# So bad that its good



## Earthling (May 21, 2010)

I'm surprised to see the *Portsmouth Sinfonia *not mentioned here (doing a quick search).

Perhaps the Ed Wood of orchestras, this group started in the early 70s. They were made up of either non-musicians or musicians playing on instruments they had not played before. They then attempt to play classical music, doing their best to follow the score as faithfully as they can. The result is so horrific that it is hilarious. (Brian Eno plays clarinet!)

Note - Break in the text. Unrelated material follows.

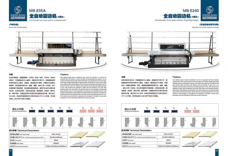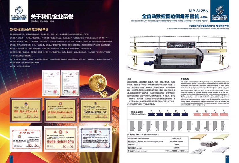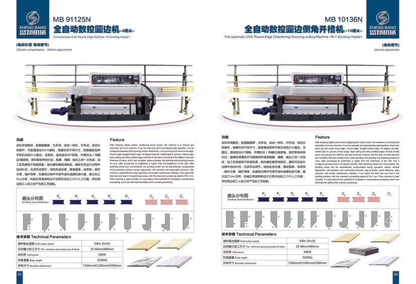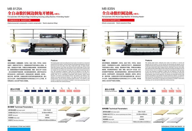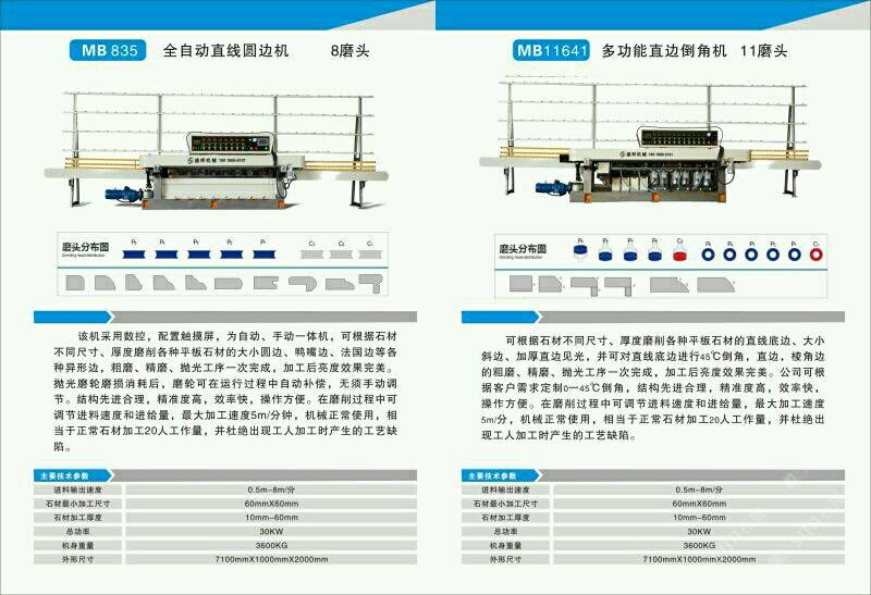 公司主營(yíng):‘’全自動(dòng)數(shù)控圓邊機(jī)、全自動(dòng)數(shù)控地腳線機(jī),多功能直邊倒角機(jī)’‘全自動(dòng)直邊倒角機(jī)‘’全自動(dòng)臥式磨邊機(jī)’也可根據(jù)客戶需求定制各種全自動(dòng)石材加工機(jī)械!磨邊機(jī)、拋光機(jī)合二為一,粗磨、精磨、拋光一次完成,拋光后效果高于板面光潔度!拋光磨輪磨損消耗后,磨輪可在運(yùn)行過(guò)程中自動(dòng)補(bǔ)償,無(wú)須手動(dòng)調(diào)節(jié),不會(huì)產(chǎn)生手工操作中出現(xiàn)的工藝缺陷!結(jié)構(gòu)先進(jìn)合理!精準(zhǔn)度高,效率快,操作方便!維護(hù)簡(jiǎn)單快捷! 盛邦機(jī)械團(tuán)隊(duì)期待與您攜手并進(jìn),為您降低加工成本,創(chuàng)造財(cái)富!使用我司全自動(dòng)磨邊拋光機(jī)械成本每米:人造石每天按工作8小時(shí)計(jì)算,一分鐘可磨4米,8小時(shí)可磨1920米,每米成本0.4元,大理石8小時(shí)可磨1300米,每米成本0.6元,花崗巖8小時(shí)可磨9百多米,一分鐘可磨2米,每米成本0.8元,(成本含水電費(fèi),人工,磨輪損耗等) 操作簡(jiǎn)便,雜工即可,精準(zhǔn)度高,無(wú)工藝缺陷,售后維護(hù)方便,簡(jiǎn)單。歡迎到水頭鎮(zhèn)弘泰機(jī)械C區(qū)2號(hào)來(lái)考察試機(jī)。聯(lián)系人:方經(jīng)理18016666181

A few of their best (worst):

Strauss: The opening of Thus Spake Zarathustra


Tchaikovsky: Dance of the Sugar Plum Fairies 


Grieg: In the Hall of the Mountain King


Classical Muddley (modeled on Hooked On Classics LOL)

Don't listen to this while eating. You might choke!


----------



## Il Seraglio (Sep 14, 2009)

Well, I don't know an awful lot about the worst howlers, but this was listed in related videos...






The bit where she tries to sing those famous staccato high notes is my favourite. I laughed out loud.

Edit: Looks like I've stumbled upon a hidden gem. Jenkins really showcases her beautiful German diction in this one.


----------



## Earthling (May 21, 2010)

Il Seraglio said:


> Edit: Looks like I've stumbled upon a hidden gem. Jenkins really showcases her beautiful German diction in this one.


What is worse, she was serious!


----------



## 151 (Jun 14, 2010)

I'm a big fan!


----------



## Il Seraglio (Sep 14, 2009)

Earthling said:


> What is worse, she was serious!


Oops, sorry I posted the same link twice there... fixed now. The second link is Bach, her German is actually much better with the Mozart, lol.


----------